Did the IP address help?


----------



## TerryNet (Mar 23, 2005)

What IP address? Anybody can go to the site hotmail.com using any computer with internet access. If they know or guess a hotmail email account name they can start guessing passwords.


----------



## lunarlander (Sep 22, 2007)

Were you able to log in to Hotmail in the end? 

Hotmail is accessible to anyone thru the web and anyone could have attempted to guess your password. That is different from hacking your computer. That is, they don't have to hack your computer in order to hack your hotmail.


----------



## Triple6 (Dec 26, 2002)

I've merged your two thread together here.

People can also guess the password or reset using the password recovery information you entered when you setup the account.

There is a Hotmail site that may help you recover your account: https://support.live.com/eform.aspx?productKey=wlidvalidation&ct=eformcs&scrx=1


----------



## Number 18 (Dec 25, 2007)

@TerryNet
My IP address, and my password isn't an easy one really.

@lunarlander
No the first time I got this message "You've tried to sign in too many times with an incorrect e-mail address or password."
So you're saying you can't hack a computer even if you have an IP address?

@Triple6
Thanks,
there's just noway he could have guesses my password it wasn't just letters!

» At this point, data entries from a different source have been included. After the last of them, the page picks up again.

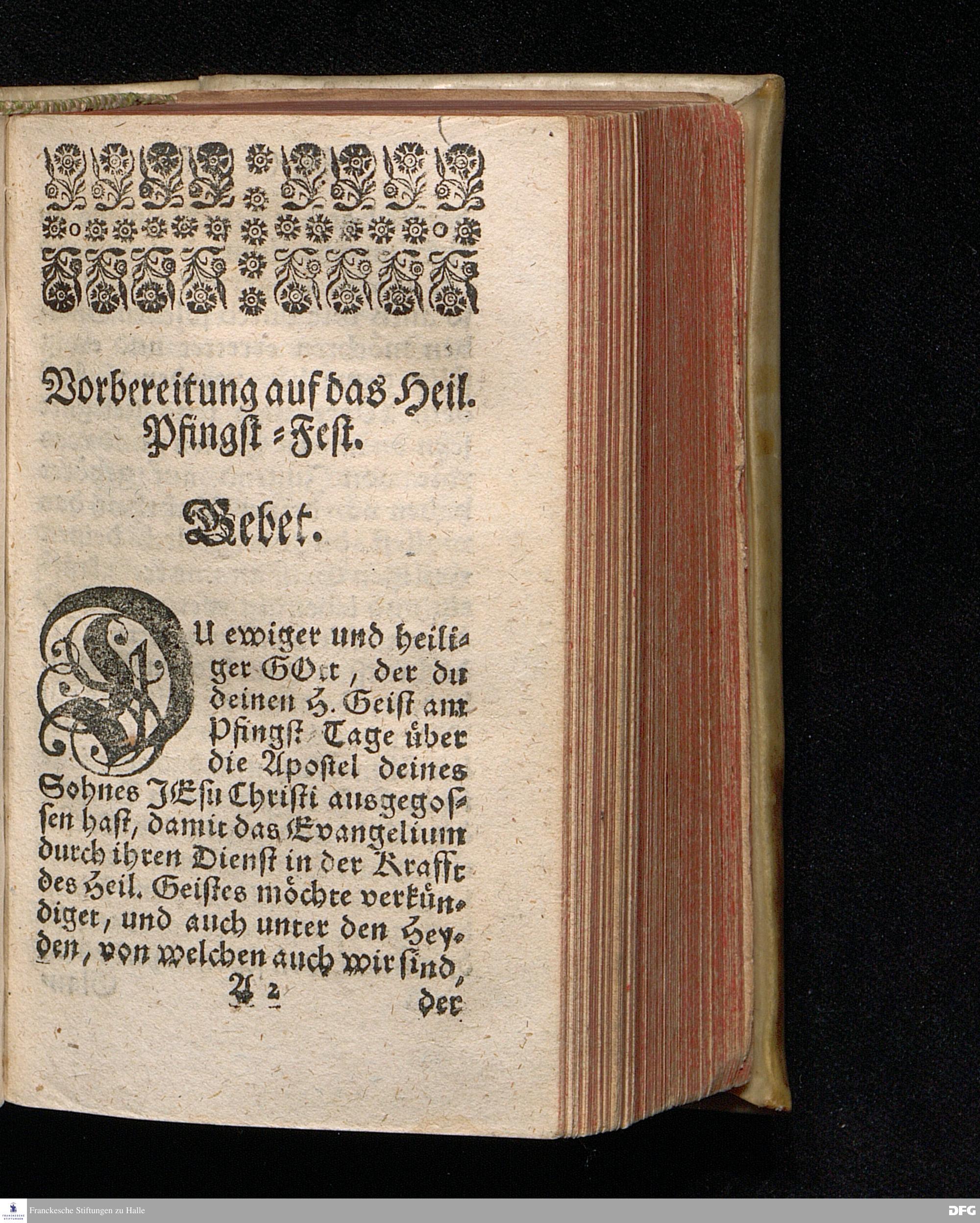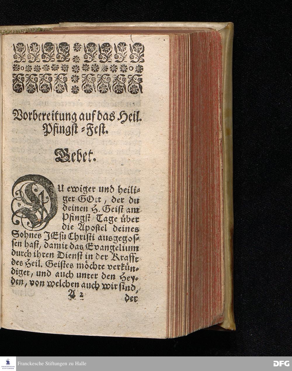 Vorbereitung auf das Heilige Pfingst=Fest / nach Anleitung Der Worte Pauli 1.Cor.XII,3. [Bibelzitat.] in öffentlicher Versammlung auf dem Wäysen=Hause zu Glaucha an Halle, den 7.Jun.1710. ertheilet Von August Hermann Francken / S.Theol.Prof.Ord.und Past.zu St.Ulrich, und des Gymnasii Scholarcha. Andere Auflage. HALLE, in Verlegung des Wäysen=Hauses. MDCCXXIII.
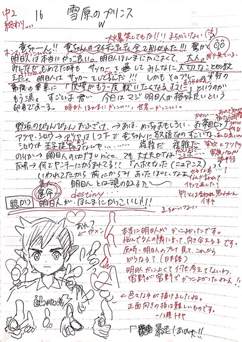感想ノートに描いた明日人、頭蓋骨がおかしい(鮎川)
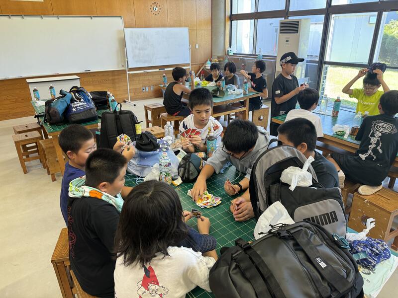退所の集いが行われる野外学習室でトランプやウノに興じる子どもたち
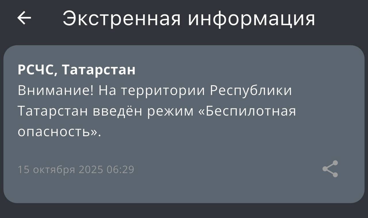В Татарстане вновь объявили режим беспилотной опасности. Сообщение поступило от МЧС России в 6:29.
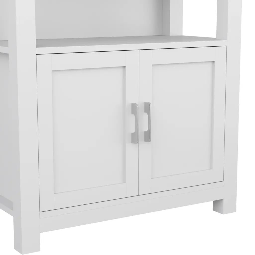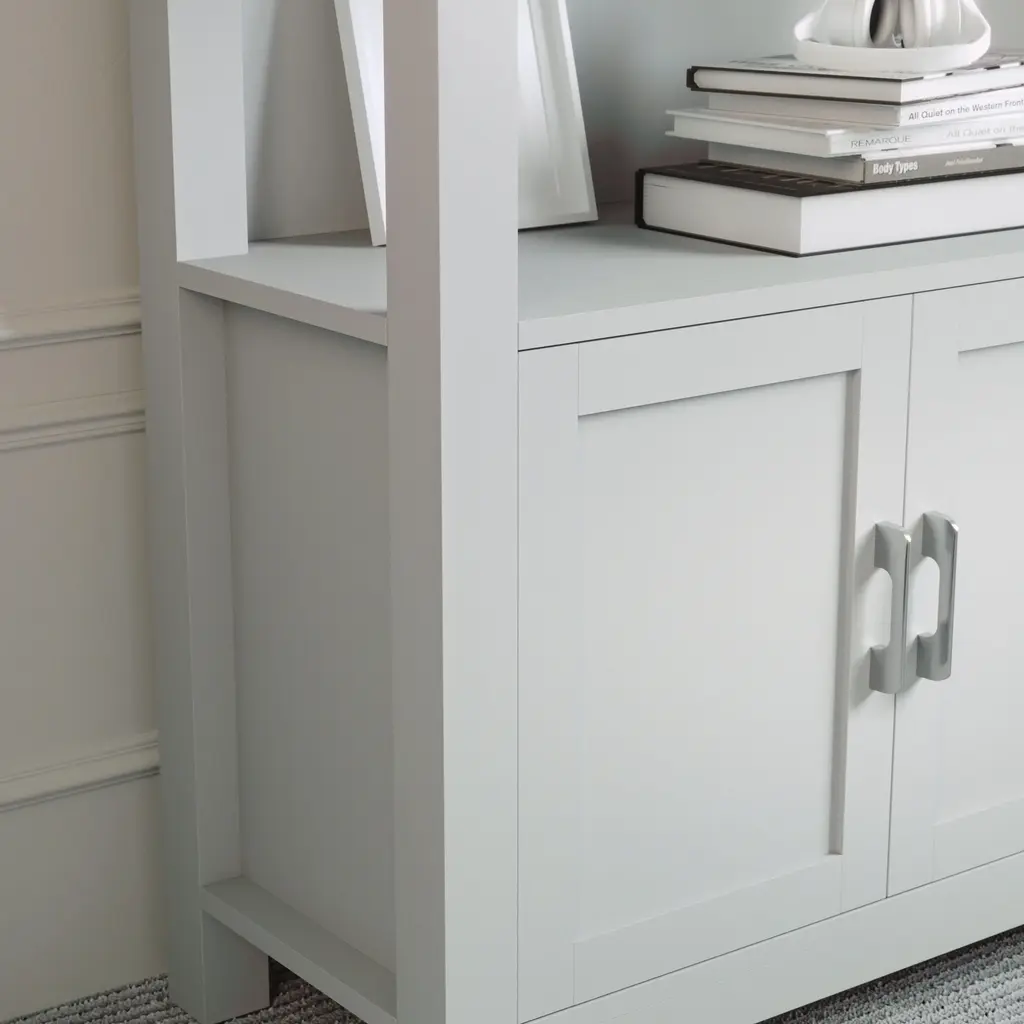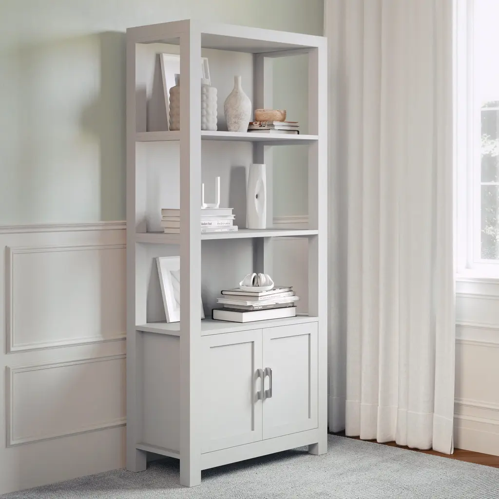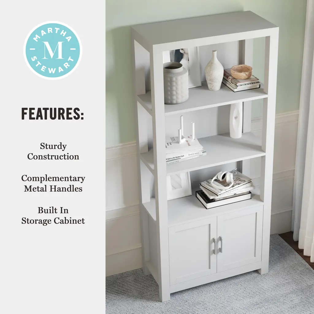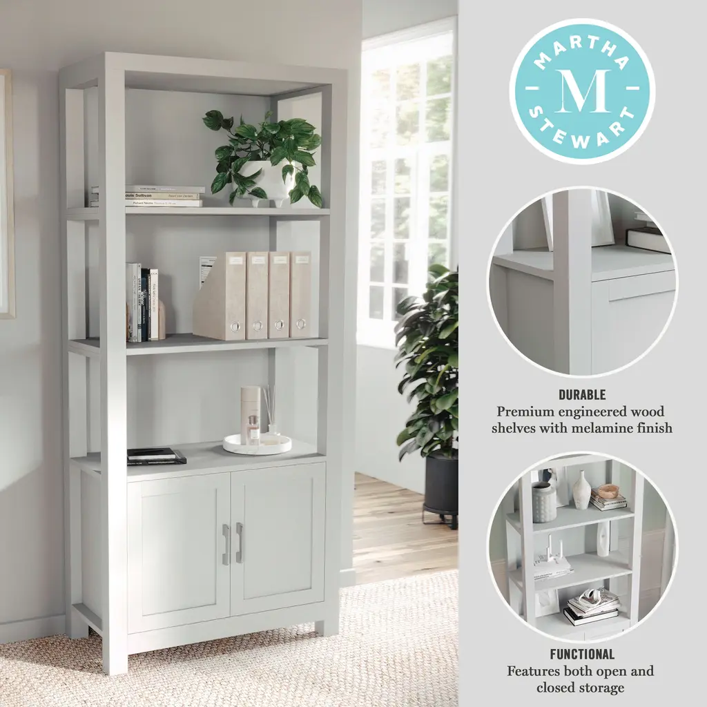 The Martha Stewart Hutton Bookcase adds timeless elegance and functional storage to your home office. The trend-forward finish and complementary hardware elevate the look of your decor with subtle style. Ample storage is provided with a versatile four-tier design and integrated storage cabinet for keeping your work surfaces orderly and clutter-free. Pair with the Hutton Desk for a total home office refresh. Assembly is easy with the included tools and step-by-step instructions.
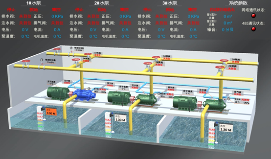 平台可接入水泵(beng)控(kong)制系统,在软件界面上(shang)动态监控(kong)水泵(beng)及其附属设备的运行状(zhuang)况。
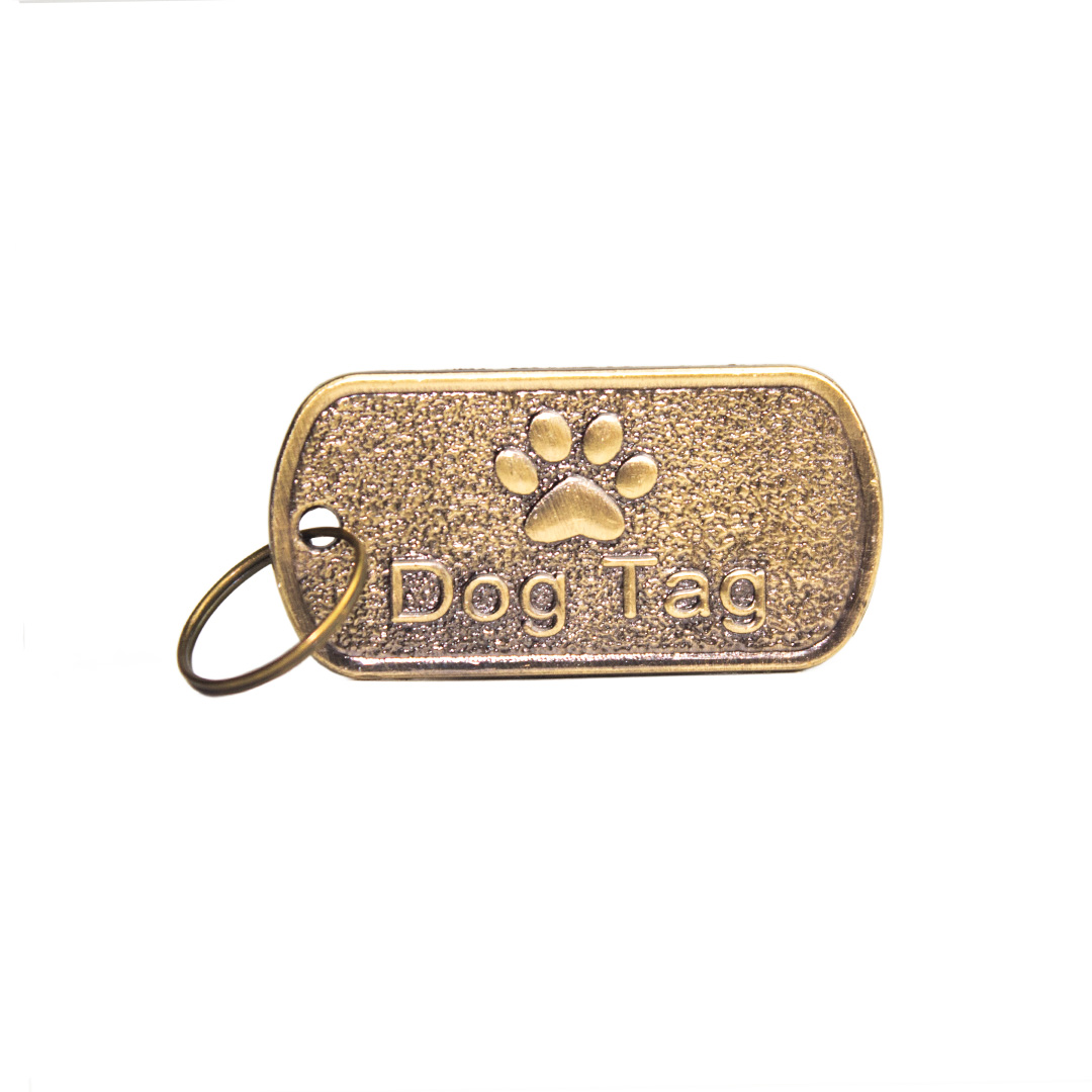 Placa de identificación estilo militar. Material: Metal Color: Dorado. Disponible: Razas medianas y grandes

Even the secret answer was just some random letters e.g. jbfkjehbjerhf something like that.

Yea, I did fill that form yesterday still waiting for the reply.

So bottom line: Can my computer be hacked if someone has my IP address or not?


----------



## Number 18 (Dec 25, 2007)

I searched and I kept getting the netstat -a or netstat - n or netstat -nao

what exactly should I be looking for? and how accurate are they?

thanks


----------



## spiers (Apr 25, 2005)

Did you accept any files from anyone on Msn while you used it?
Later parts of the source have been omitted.